Linux Coredumps (Part 1) - Introduction
One of the core features of the Memfault Linux SDK is the ability to capture and analyze crashes. Since the inception of the SDK, we’ve been slowly expanding our crash capture and analysis capabilities. Starting from the standard ELF coredump, we’ve added support for capturing only the stack memory and even capturing just the stack trace with no registers and locals present. This article series will give you a high-level overview of that journey and a deeper understanding of how coredumps work on Linux.
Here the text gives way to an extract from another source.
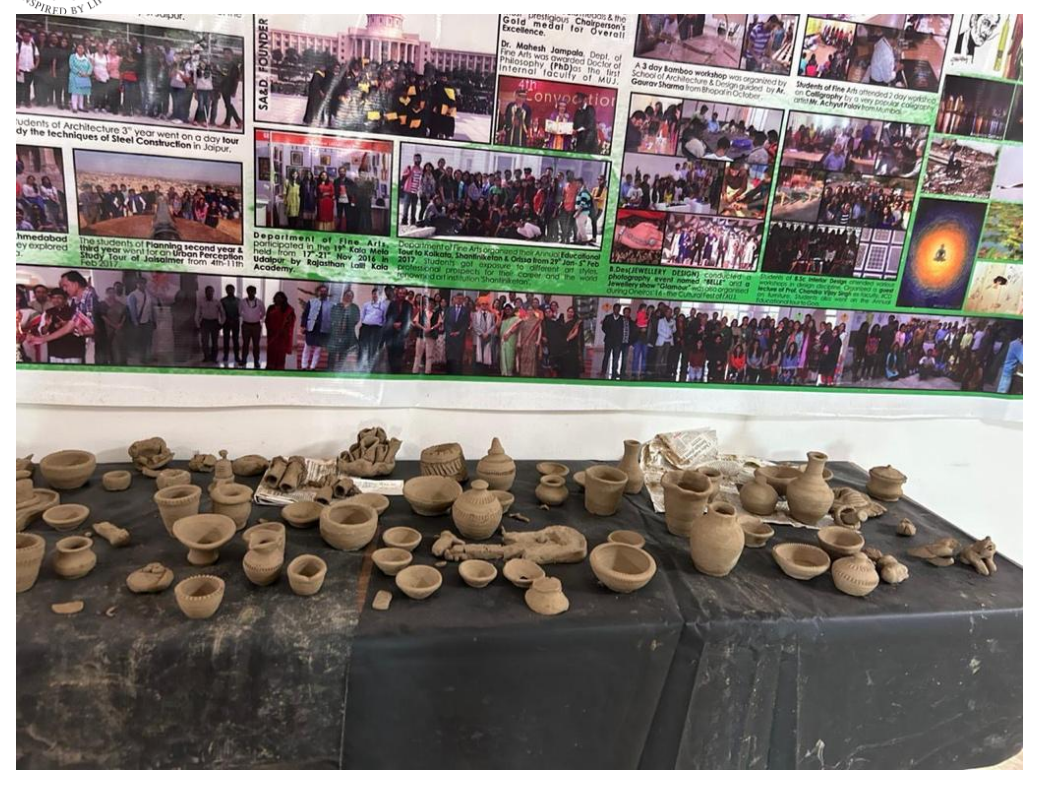
Picture 10: Clay art made by the students of MUJ Promoting Local Art

In this article, we’ll start by taking a look at how a Linux coredump is formatted, how you capture them, and how we use them at Memfault.
Table of Contents
What is a Linux Coredump
A Linux coredump represents a snapshot of the crashing process’ memory. It can be loaded into programs like GDB to inspect the state of the process at the time of crash. It is written as an ELF1 file. The entirety of the ELF format is outside the scope of this article, but we will touch on a few of the more important bits when looking at an ELF core file.
What Triggers a Coredump
Coredumps are triggered by certain signals generated by or sent to a program. The full list of signals can be found in the signal man page2. Here are the signals that cause a coredump:
-
SIGABRT
: Abnormal termination of the program, such as a call to abort. -
SIGBUS
: Bus error (bad memory access). -
SIGFPE
: Floating-point exception. -
SIGILL
: Illegal instruction. -
SIGQUIT
: Quit from keyboard. -
SIGSEGV
: Invalid memory reference. -
SIGSYS
: Bad system call. -
SIGTRAP
: Trace/breakpoint trap.
Of these, the most common culprits you’ll likely see are SIGSEGV
, SIGBUS
,
and SIGABRT
. These signals will be generated when a program tries to access
memory that it doesn’t have access to, tries to dereference a null pointer, or
when the program calls abort
. These typically indicate a fairly serious bug in
either your program or the libraries that it uses.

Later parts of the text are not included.